Italy is gripped by anti-Gypsy feeling. Since coming to office in May, Silvio Berlusconi's rightwing government has appointed three special commissioners to deal with the Roma in each of Italy's three biggest cities - Naples, Milan and Rome. It has also ordered the fingerprinting of the country's Gypsy population, including minors, who make up more than half of the estimated 150,000 Roma in Italy.

More
http://www.guardian.co.uk/world/2008/jul/21/italy.race
Who are Italy's Roma?

An estimated 150,000 Roma, or Gypsies, live in Italy, many of them in encampments on the edges of cities such as Rome and Naples, a number of which are unofficial and badly rundown.

The Roma are a distinct ethnic and cultural group with their origins in northern India. They have lived throughout Europe, particularly in the centre and south, for many centuries.

Just over 40% of the country's modern Roma possess Italian passports, including an estimated 30,000 descended from 15th-century settlers. The rest are more recent arrivals, many coming from Balkan nations during the 1990s.

After Romania joined the EU at the start of 2007, an estimated 10,000 Romanian Gypsies came to Italy, forming part of a Romanian population in the country believed to total about 500,000.
What are public attitudes in Italy to the Roma?

Many people are openly hostile to the Roma, accusing them – especially the newer arrivals – of avoiding work in favour of theft and other crime and shutting themselves off from mainstream Italian society in squalid, illegal camps. Rights groups working with Roma people say they face severe discrimination, some of it tied to more general anti-Romanian and anti-immigrant feeling.

One recent newspaper survey found 68% of people wanted all Italy's Gypsies expelled, whether or not they held Italian passports. Another poll said more than three-quarters of people want unauthorised camps demolished.
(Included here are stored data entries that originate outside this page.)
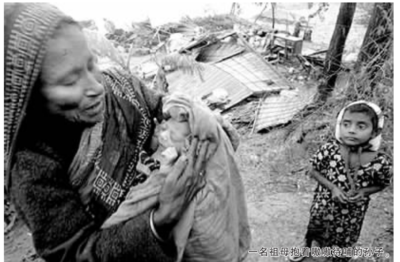
一名祖母抱着嗷嗷待哺的孙子。

孟加拉国媒体 11 月 16 日报道说, 15 日袭击孟加拉南部沿海地区的强热带风暴“锡德”迄今已造成 425 人死亡, 数千人受伤, 并迫使超过 65 万人实施撤离。路透社援引孟加拉国救灾部门官员的话说, 强风暴带来的降雨以及推高的水位淹没了 3 个沿海城镇。随着救灾部门获得更多受灾最严重地区的情况, 强风暴造成的死亡人数可能“急剧上升”。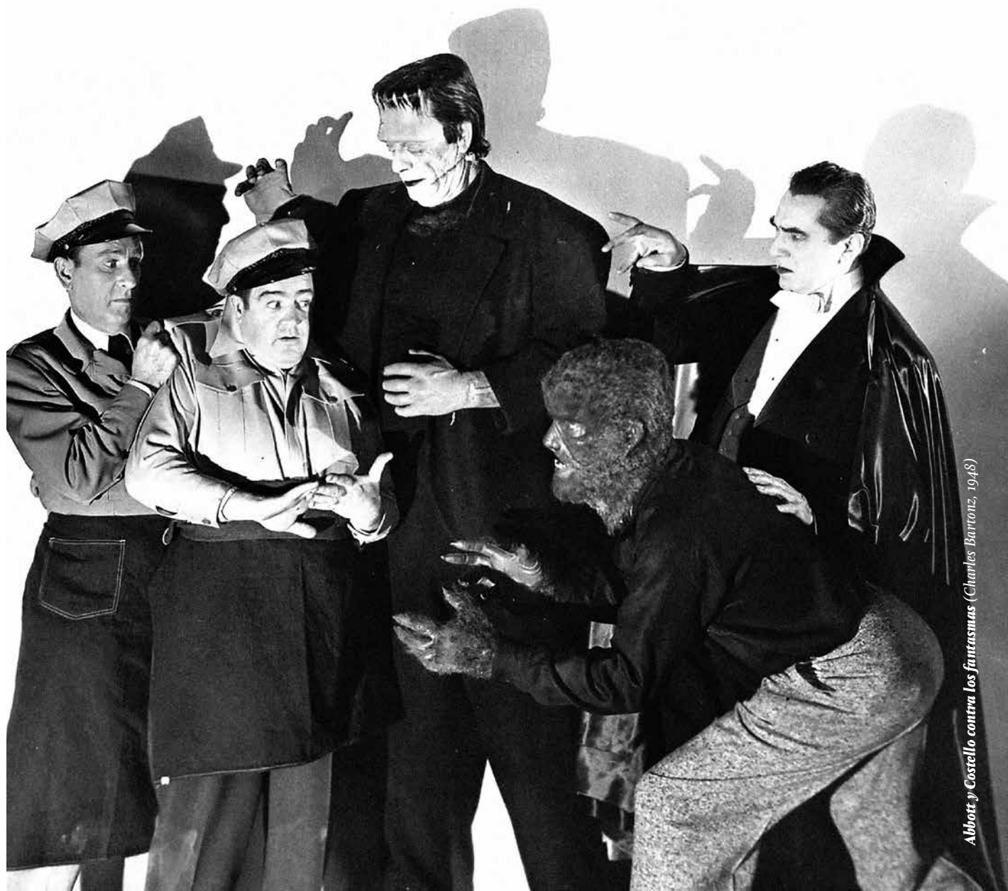
Abbott y Costello contra los fantasmas (Charles Barton, 1948)

La serie de Monstruos Clásicos de la Universal (cuyas obras cumbres entre 1925 y 1956 sobre Drácula, el monstruo de Frankenstein, el monstruo de la Laguna Negra y el Hombre Invisible, entre otros, ya hemos revisado años anteriores) fue precursora en muchos aspectos de las franquicias cinematográficas a las que estamos acostumbrados en el presente. Con el cruce en 1943 entre el monstruo de Frankenstein y el hombre lobo, se inauguró casi en broma una idea muy cercana a la del "multiverso", en el que personajes de distintas procedencias se cruzaban en un mundo común. A través de Larry Talbot y las míticas interpretaciones de Lon Chaney Jr., en este ciclo exploraremos ese territorio en que todos estos seres terroríficos podían convivir (y de hecho lo hacían) a la vez.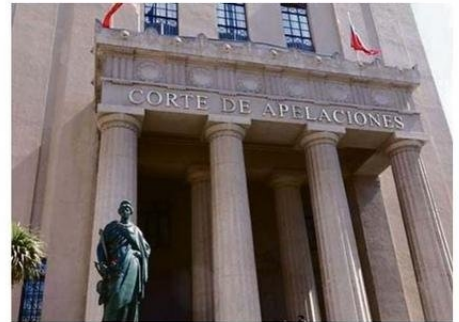
LA CORTE FIJÓ LA FECHA PARA LA MAÑANA DE 17 DE FEBRERO.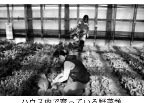
ハウス内で育っている野菜類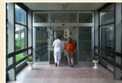
Obr.: realizace z Domovů důchodců v Hranicích na Moravě a v Podlesí.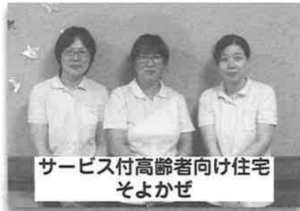
サービス付高齢者向け住宅 そよかぜ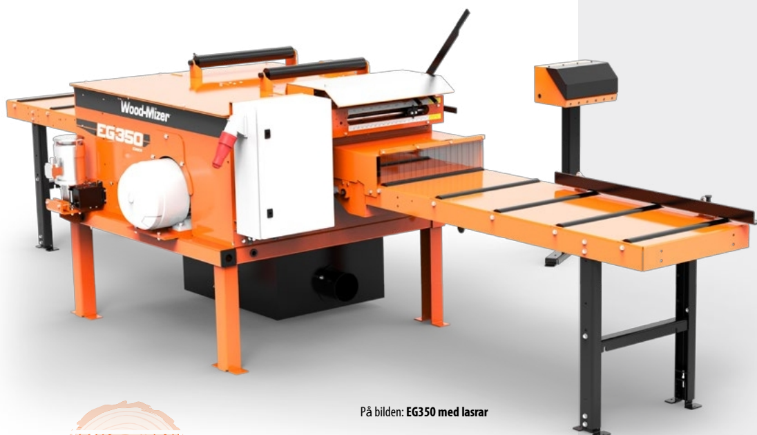
På bilden: EG350 med lasrar

Upp till fem knivar kan monteras på en speciell hylsa med distanser som justerar bredden på slutprodukten. Bladdistanserna finns i olika bredder och kan anpassas på begäran.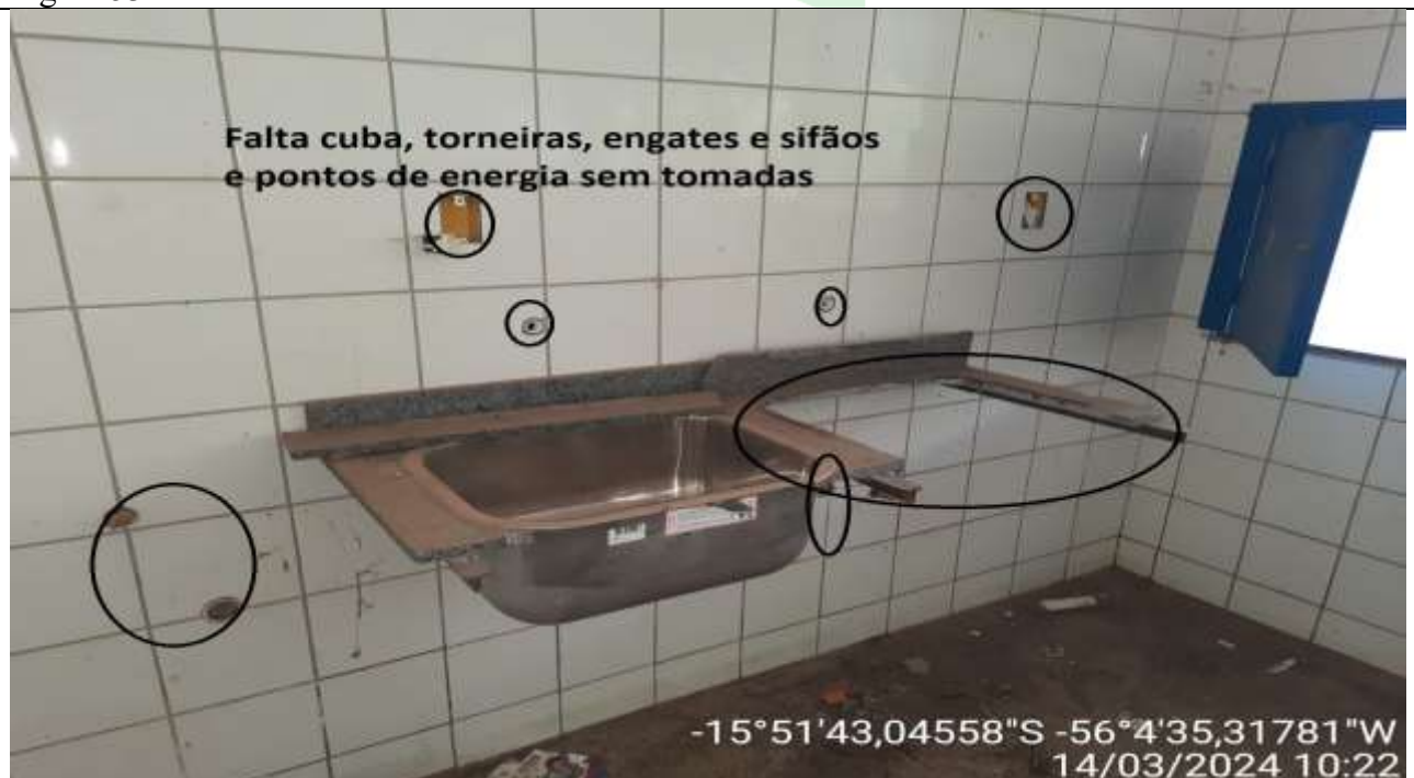
Figura 54 - Cozinha

In May, a mob of vigilantes torched a Roma camp in Naples following the arrest of a young Gypsy woman accused of trying to abduct a child.
How has the Italian government acted?

Critics say Silvio Berlusconi, the recently re-elected Italian prime minister, has exploited anti-Roma feeling for political ends.

His election campaign promised a severe clampdown on "Roma, clandestine immigrants and criminals" and his coalition's candidate for mayor of Rome pledged the expulsion of "20,000 nomads and immigrants who have broken the law".
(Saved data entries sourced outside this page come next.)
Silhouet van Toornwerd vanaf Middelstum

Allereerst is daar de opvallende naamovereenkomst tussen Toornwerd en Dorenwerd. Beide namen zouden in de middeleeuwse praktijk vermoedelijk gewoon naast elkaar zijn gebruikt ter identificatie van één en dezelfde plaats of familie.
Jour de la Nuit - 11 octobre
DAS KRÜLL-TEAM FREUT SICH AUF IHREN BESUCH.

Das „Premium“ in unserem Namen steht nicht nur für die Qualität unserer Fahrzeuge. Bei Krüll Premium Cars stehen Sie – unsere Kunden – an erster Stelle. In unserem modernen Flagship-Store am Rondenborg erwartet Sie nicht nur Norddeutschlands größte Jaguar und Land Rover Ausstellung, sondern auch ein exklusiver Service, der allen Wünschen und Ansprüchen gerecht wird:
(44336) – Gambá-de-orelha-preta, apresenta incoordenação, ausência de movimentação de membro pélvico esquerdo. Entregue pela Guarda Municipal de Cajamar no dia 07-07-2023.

Other politicians have gone further. The head of the rightwing, anti-immigrant Northern League party, Umberto Bossi, argued the attack on the Naples camp was understandable, saying: "People are going to do what the political class cannot."
What is the government proposing?

Berlusconi's interior minister, Roberto Maroni of the Northern League, caused controversy last month by proposing a plan to fingerprint all Roma living in camps, including children.
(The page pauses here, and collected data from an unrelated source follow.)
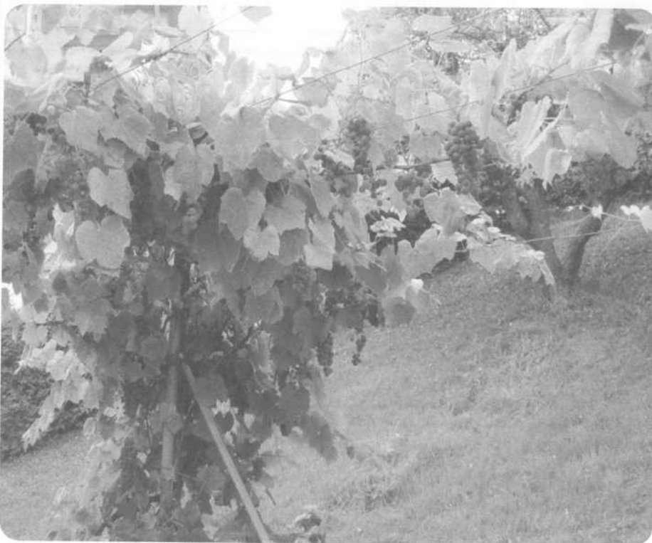
En plein vent, en attendant l'automne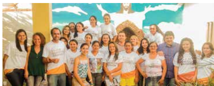
Polo de Confeção Solidário

O esporte pode mudar vidas. E é com esse objetivo que o Maré Alta vem apostando na promoção de escolinhas de bodyboarding, futsal, oficinas de artesanato e apoio pedagógico para 30 meninos e meninas da Taíba. O projeto atua no contra turno escolar e busca contribuir para o desenvolvimento educacional e social de crianças e adolescentes, fortalecendo a cidadania através do esporte e de atividades educacionais e culturais.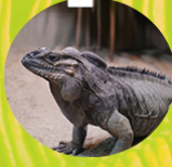
IGUANA RINOCERONTE ( Cyclura cornuta )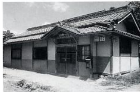
昭和11年新築の生野局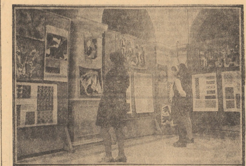
Cadru dintr-o reușită expoziție de artă decorativă, prezentată în holul Liceului de muzică și arte plastice Sibiu

Metodă originală de decorare a sticlei În S.U.A. s-a extins utilizarea unei metode de obținere a unor ambalaje originale și străgătoare, denumită „Spectraglass”. Conform procedurii, în locul coloranților întregii mase de sticlă din bazinul cuptorului, s-a conceput metoda introducerii coloranților imediaț înaintea mașinii de suflare, printr-un sistem special de alimentare. Dacă, după colorare, masa de sticlă, se fazează prin presare în formă, se pot obține articole cu suprafața în relief. Prin combinarea efectului de texturare superficială cu cel de colorare se pot realiza o serie de contraste de culori și de efecte decorative deosebit de străgătoare, reducîndu-se concomitent sensibilitatea la murdărire pe partea exterioară a pereților ambalajelor.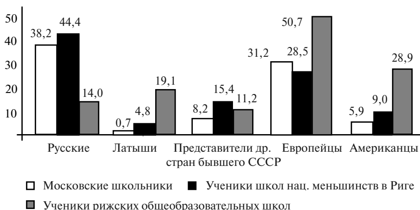
Рисунок 1. Распределение ответов старшеклассников Москвы и Риги на вопрос о том, представители каких национальностей могли бы стать их близкими друзьями

ет выделить ряд характерных моментов (таблица 2).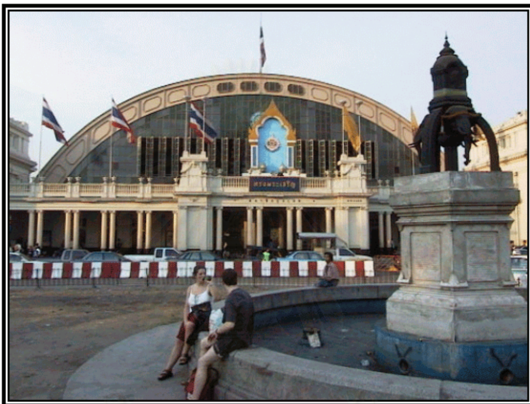
รูปภาพที่ 9 บริเวณ "หัวช้าง" และ "สามเหลี่ยม"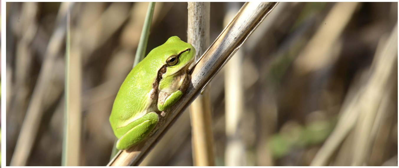
♣ Rainette méridionale ( Hyla meridionalis ).

On estime l'apparition des amphibiens à – 360 millions d'années, mais les premières vraies grenouilles connues datent toutes du Jurassique : Vieraella herbstii (Argentine, – 180 Ma) et Prosalirus sp. (Arizona, – 185 Ma). Reste le cas de Triadobatrachus qui est une « pré-grenouille » (environ – 250 Ma).

He said this would make it easier for authorities to identify child beggars and remove them from their parents, as well as to expel illegal residents.
What has been the reaction to this?

Italian civil liberties groups have expressed outrage, with one Jewish community leader saying the measure could eventually lead to "exclusion from schools, separated classes and widespread discrimination". Earlier this month, the European parliament voted to urge the Italian government against the measure.

However, Italy's legal system has already indicated there is nothing to stop discrimination against Roma. In a ruling handed down earlier this year, but only recently reported, the country's highest appeal court ruled in the case of six people accused of anti-Gypsy racial propaganda that it was acceptable to single out Roma on the basis that they are thieves.

We don't care about explanations who are the Gypsies.
They are Humans like anybody else.
How can you ignore a dead human ?
Italians don't have a heart?
by Mitch Stevenson (aunified1 [at] yahoo.com)
I am saddened by the deaths of the two young girls, ( they are with Jesus Christ ) God bless and give thier families strenght. At the same time I am outraged at the Italian people acting as if they were JELLY FISH washed up on the beach. This prejiduce will all lead back to the consentration camps of the Nazi's.